◆ Working data ◆
┌────────

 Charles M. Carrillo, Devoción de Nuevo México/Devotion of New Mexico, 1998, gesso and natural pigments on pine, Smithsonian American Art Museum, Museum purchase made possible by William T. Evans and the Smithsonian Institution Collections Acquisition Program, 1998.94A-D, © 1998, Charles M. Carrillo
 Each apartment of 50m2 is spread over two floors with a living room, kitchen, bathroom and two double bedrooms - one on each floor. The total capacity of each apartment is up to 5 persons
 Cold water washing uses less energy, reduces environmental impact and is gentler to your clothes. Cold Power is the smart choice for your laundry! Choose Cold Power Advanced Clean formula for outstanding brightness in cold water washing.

└────────
┌────────

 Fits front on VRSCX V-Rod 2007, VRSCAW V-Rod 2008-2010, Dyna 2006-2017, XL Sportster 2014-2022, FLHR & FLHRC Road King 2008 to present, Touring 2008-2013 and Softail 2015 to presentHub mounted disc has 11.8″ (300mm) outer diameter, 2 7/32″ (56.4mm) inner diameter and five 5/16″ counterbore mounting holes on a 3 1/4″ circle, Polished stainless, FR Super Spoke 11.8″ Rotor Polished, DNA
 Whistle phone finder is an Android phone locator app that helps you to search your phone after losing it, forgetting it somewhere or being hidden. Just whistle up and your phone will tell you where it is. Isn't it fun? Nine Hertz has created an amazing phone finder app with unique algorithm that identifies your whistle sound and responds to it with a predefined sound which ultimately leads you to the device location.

└────────

◆ Task ◆
Go over the data and return every line that includes the word "with".

◆ Exercise response ◆
 Each apartment of 50m2 is spread over two floors with a living room, kitchen, bathroom and two double bedrooms - one on each floor. The total capacity of each apartment is up to 5 persons
 Whistle phone finder is an Android phone locator app that helps you to search your phone after losing it, forgetting it somewhere or being hidden. Just whistle up and your phone will tell you where it is. Isn't it fun? Nine Hertz has created an amazing phone finder app with unique algorithm that identifies your whistle sound and responds to it with a predefined sound which ultimately leads you to the device location.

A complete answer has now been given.